Content starts

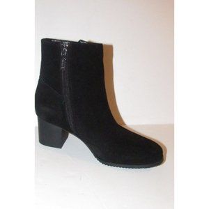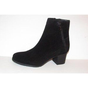 For sale is a pair of water-proof, Blondo, size 8, NIB, black suede, ankle boots with side zips on both sides and gold zipper fobs! These brand new and unworn ankle boots from Blondo are a perfect year round style for you to wear with a summer dress or tights and a skirt! The shoes are so cool! They are made by Blondo. The ankle boots are made with black suede and are brand new and in their box! The design is an ankle height with side zips on both sides and they have a wider, 2.5" heel. N0701
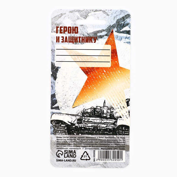 Ручка прикол, гелевая, синяя паста на подложке «Танк: 23 февраля»
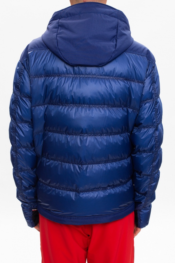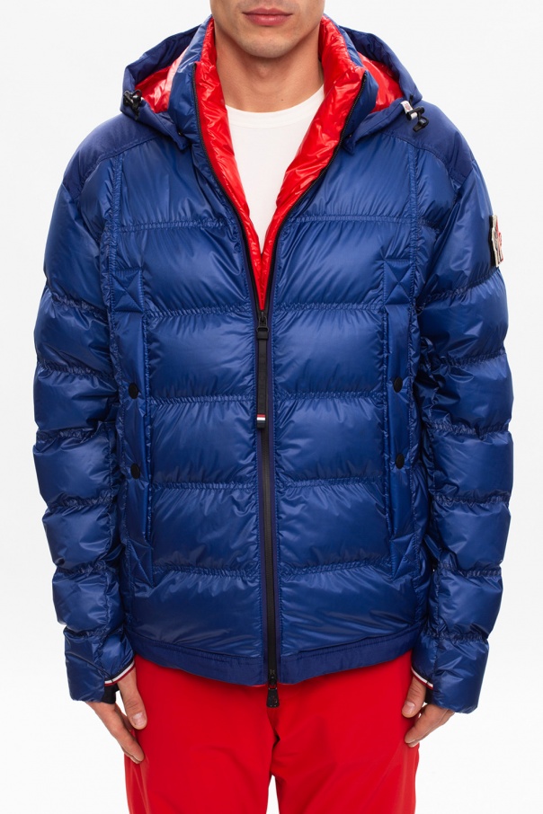 Blue and red ‘Gimillan’ quilted jacket from Moncler Grenoble. Padded with down, this garment features a two-way zip, drawstring hood, cream, red and navy logo patch and two snap pockets on the front.
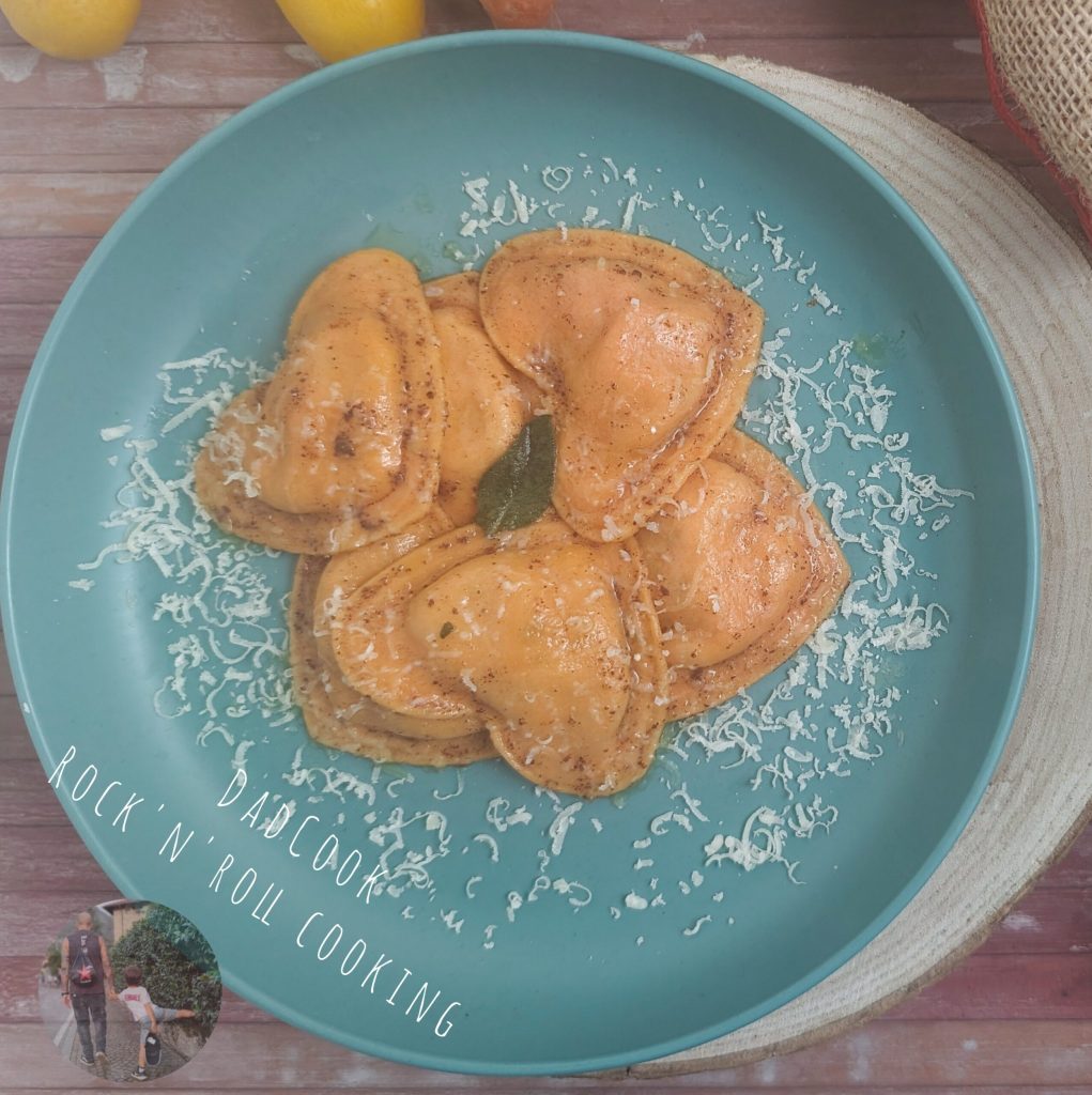• Die Ravioli mit Butter und Salbei mit schmelzenden Mozzarella-Herzen sind bereit, angerichtet und noch heiß serviert zu werden. Bestreuen Sie sie vor dem Genuss mit geriebenem Grana Padano. Guten Appetit von DadCook!

Content ends

Print the material exactly as given, but not the pictures.

> _RESULT FOR THIS TASK_:
 For sale is a pair of water-proof, Blondo, size 8, NIB, black suede, ankle boots with side zips on both sides and gold zipper fobs! These brand new and unworn ankle boots from Blondo are a perfect year round style for you to wear with a summer dress or tights and a skirt! The shoes are so cool! They are made by Blondo. The ankle boots are made with black suede and are brand new and in their box! The design is an ankle height with side zips on both sides and they have a wider, 2.5" heel. N0701
 Ручка прикол, гелевая, синяя паста на подложке «Танк: 23 февраля»
 Blue and red ‘Gimillan’ quilted jacket from Moncler Grenoble. Padded with down, this garment features a two-way zip, drawstring hood, cream, red and navy logo patch and two snap pockets on the front.
• Die Ravioli mit Butter und Salbei mit schmelzenden Mozzarella-Herzen sind bereit, angerichtet und noch heiß serviert zu werden. Bestreuen Sie sie vor dem Genuss mit geriebenem Grana Padano. Guten Appetit von DadCook!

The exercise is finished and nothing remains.